The designation of blues as “devil’s music”—a notion that has been largely unquestioned since the publication of Paul Oliver’s Blues fell this morning (1960)—imposes Christianity’s dualistic views on the holistic cosmology of an African-derived culture.
The supposed atheism of blues is simply a polemical means of opposing oppression, a stance that does not contradict blues’s fundamentally religious nature. White blues scholars have misrepresented blues by reducing its meaning to the language of ethnomusicology, a theoretical methodology that is not indigenous to the culture of blues; theomusicology, an indigenous approach, offers a deeper understanding of the people who created blues.
This according to “Blues and evil: Theomusicology and Afrocentricity” by Jon Michael Spencer, an essay included in Saints and sinners: Religion, blues and (d)evil in African-American music and literature (Liège: Société Liégeoise de Musicologie, 1996 pp. 37–51).

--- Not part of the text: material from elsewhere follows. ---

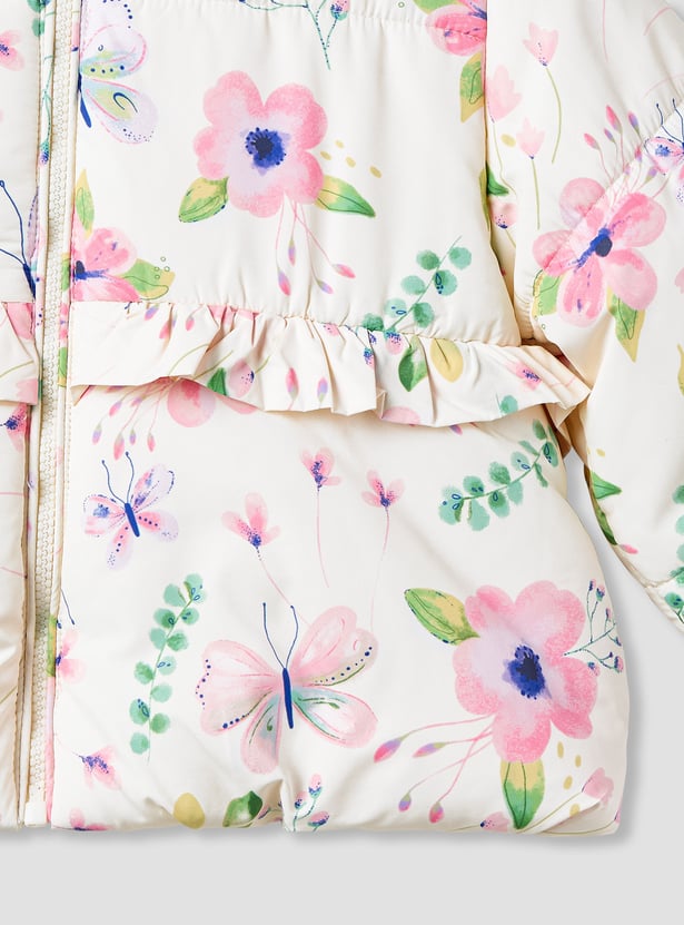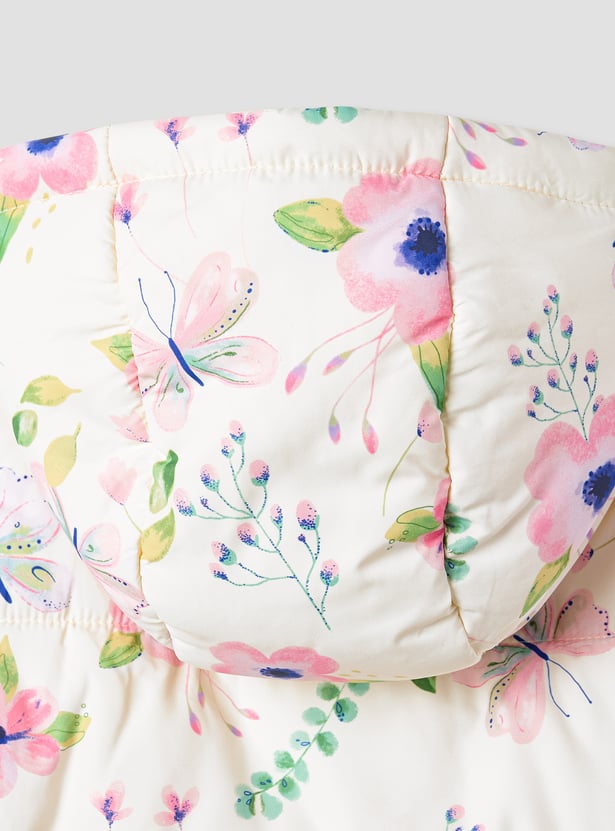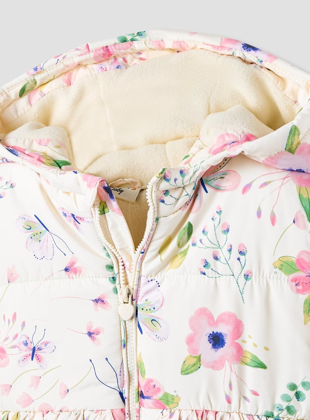 Juniors Floral Print Hooded Heavy Jacket with Long Sleeves

Above, Reverend Gary Davis, photographed by Bill Smith; below, Blind Willie Johnson’s Jesus make up my dying bed.
Jon Michael Spencer is a major scholar of black music, and he has always been a controversial figure. RILM does not endorse all of the views that we blog about; we simply point to things that we find useful, amusing, or thought-provoking.
What is “Christian dualism”? Christianity is ordinarily suspect of dualistic views of reality, from what I understand.
Good question! One could also note that ethnomusicology is not a single methodology–it has always involved multiple approaches and would welcome theomusicology as yet another.